Raising Your Child Right: 6 Myths You Need to Get Over Today 

No parent out there is perfect, but there is proof that certain living conditions, rules, behaviors, etc. can mold a child into a specific type of adult. It’s the old nature vs. nurture debate, and it will never be solved. However, over the years, many parents have gotten on board with certain myths that simply don’t have a leg to stand on. No matter how old your child may be, if you are a parent, here are six myths you need to get over today in order to raise your child right. 

Myth #1: Divorce is bad for a child. 

No. It. Is. Not. In fact, studies have shown that children who grow up in unloving homes with parents who fight often end up having a harder time bonding with others, can turn to drug/alcohol abuse, and more. If you are in a relationship that is unhealthy in any way, and you are staying simply for the kids, you’re not doing the right thing. According to Hand Law DV Lawyers, “Far too many couples wait to get divorced, and it just makes it worse, not only on each other or children emotionally, but on the entire process. Sometimes, going through with the actual divorce is more painless than staying in the marriage.”  

Myth #2: Everything must be organic. 

While organic foods definitely have plenty of benefits, it’s not a must-have for your child to grow up healthy or to be successful.
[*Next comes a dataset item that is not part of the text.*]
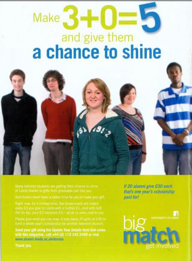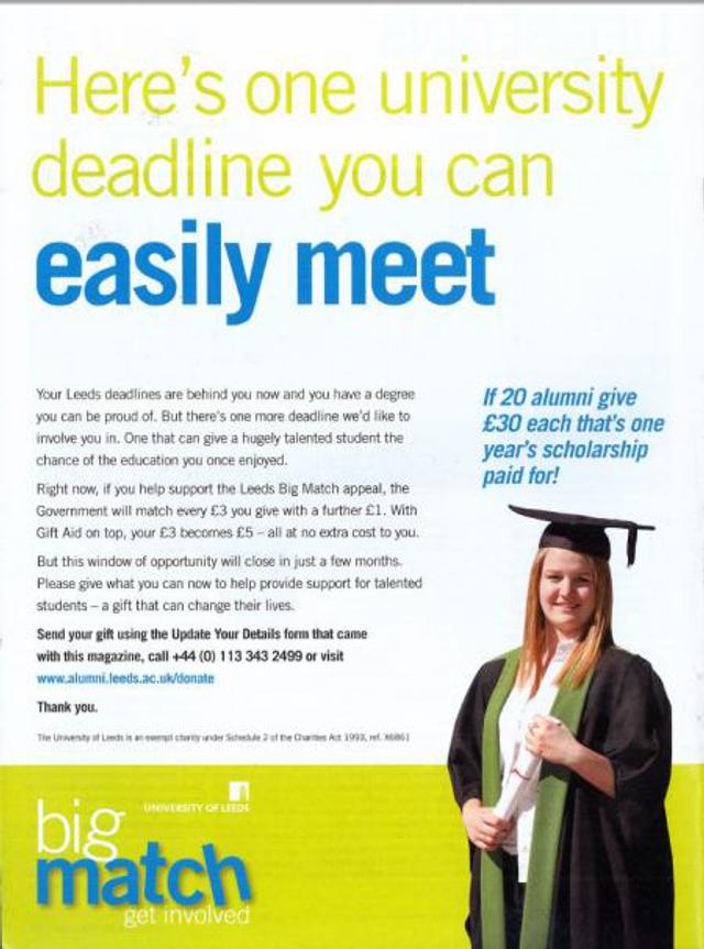 However, the University also sends an alumni magazine, Leeds, to its entire alumni base worldwide, twice a year. The alumni and development team decided to test whether a full-page advert on the back of the magazine, supported by donation options in the ‘update your details’ form enclosed with the magazine, could generate comparable returns to a ‘stand-alone’ direct mail appeal. This meant it was at a much lower cost, as all the print and postage for the magazine was covered anyway.

In fact, if you questioned a handful of CEOs and C-Suite executives about their diet as children, most of them probably snacked on chicken nuggets, candy, potato chips, and whatever else was available at the moment. If you don’t want to feed your child organic food—or if you simply can’t afford to—there’s no harm in that. You are not a bad parent, and your child will not be at a disadvantage because of it.  

Myth #3: Breast is best. 

Breast vs. bottle is a wildly debated topic, but the truth is, as long as your baby is being fed properly, it doesn’t matter if you decide to breast feed or bottle feed. It’s entirely up to you and what you prefer to do. Some women prefer breast feeding while others don’t. And some women who had every intention of breast feeding simply can’t. Any lactation consultant will tell you that a happy and healthy baby is one who is loved and is getting the right amount of nutrients, no matter how it comes.  

Myth #4: Screen time is bad. 

In today’s technology-driven world, it’s likely your two year old will know how to use a computer better than you. And that’s a good thing! Children today have access to technology you never did, and it’s good for them to understand how to use it because it’s not going anywhere. If you monitor your child’s screen time and the content they watch, screen time can be good for children. There are plenty of developmental apps and TV shows that are focused on teaching children things, and that’s an advantage you should consider giving your child.  
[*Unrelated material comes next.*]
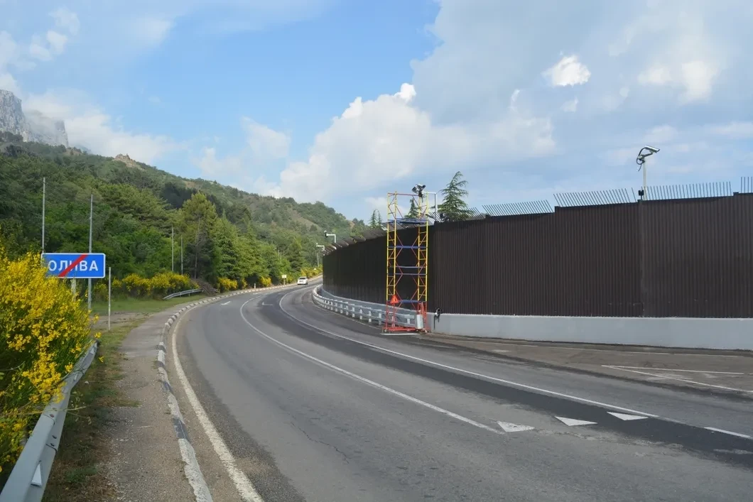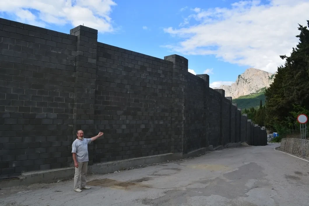 Тем, кто поедет из Ялты в Севастополь, на полпути встретится высокий, не менее 4 метров, коричневый металлический забор. Ехать вдоль него придется около двух минут. Он полностью закроет вид на море.

Myth #5: You shouldn’t spoil your child. 

Are there children out there who have been spoiled and have turned into brats? Of course. But are there children who have been spoiled and are still decent human beings? Yes. While society may judge you for spoiling your children, it’s also about balance and teaching them how to properly act. If you have the means to spoil your child and you actually want to, then go ahead. Just make sure that you’re also teaching them important life lessons, such as how to use their manners.  
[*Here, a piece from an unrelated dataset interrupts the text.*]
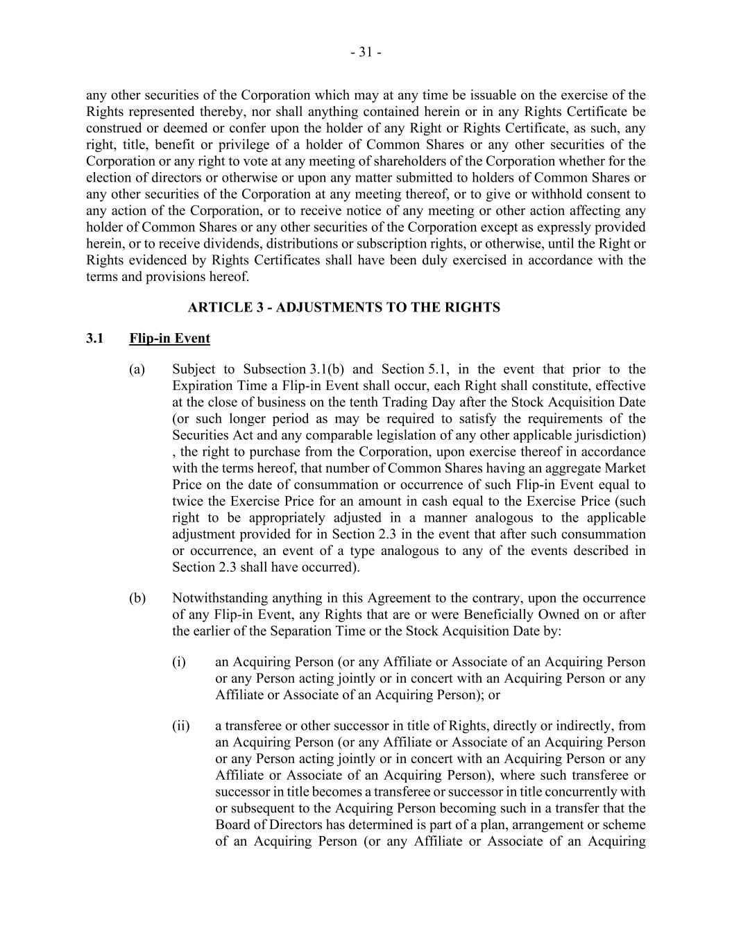 -31-公司的任何其他证券,如在行使其所代表的权利时可随时发行,亦不得解释或视为或授予任何权利或权利证书持有人任何权利、所有权,普通股或公司任何其他证券的持有人的利益或特权,或在公司任何股东大会上投票的任何权利,不论是否为选举董事或其他目的,或就在其任何会议上提交给公司普通股或任何其他证券的持有人的任何事项,或给予或拒绝同意公司的任何行动,或接收影响公司任何普通股或任何其他证券的持有人的任何会议或其他行动的通知,但本文明确规定的除外,或收取股息、分派或认购权,或以其他方式收取,直至权利证书所证明的权利或权利已按照本协议的条款和规定妥为行使为止。第3条-权利的调整3.1翻转事件(a)在符合第3.1(b)款和第5.1节的情况下,如果在到期时间之前发生翻转事件,则每项权利应构成自股票收购日期后第十个交易日(或为满足《证券法》和任何其他适用司法管辖区的任何类似立法的要求而可能需要的更长期限)营业时间结束时生效的从公司购买的权利,在根据本条款行使时,在此类翻转事件完成或发生之日的总市场价格等于行使价格的两倍的普通股的数量(该权利应以类似于第2.3节规定的适用调整的方式进行适当调整,如果在此类完成或发生之后,发生了类似于第2.3节中所述的任何事件的类型的事件)。(b)尽管本协议另有相反规定,但在发生任何翻转事件时,在分立时间或股票收购日期(以较早者为准)或之后由以下人士实益拥有或曾经拥有的任何权利:(i)收购人(或收购人的任何关联公司或关联人或与收购人或收购人的任何关联公司或关联人共同或一致行动的任何人);或(ii)直接或间接的受让人或权利所有权的其他继承人,由收购人(或收购人的任何联属公司或联系人或与收购人或收购人的任何联属公司或联系人共同或一致行动的任何人),凡该等受让人或所有权继承人在董事会已确定为收购人(或收购人的任何联属公司或联系人)的计划、安排或计划的一部分的转让中与收购人同时或之后成为受让人或所有权继承人

Myth #6: You’re a bad parent. 

This is by far the biggest myth out there. No parent is perfect. Chances are you probably look at someone who seems like they have it all together, and deep down they don’t. Do not judge your parenting based on how you perceive other parents. It’s not fair to you and it’s not fair to your child. If you are giving your child everything you can, teaching them, and simply being there for them, then you are a great parent.  

Parenting is very hard, and the last thing you need to do is question your ability to parent successfully. Every parent will have good days and bad days. Just remember that you are the world to your child, and it’s up to you to build that relationship positively.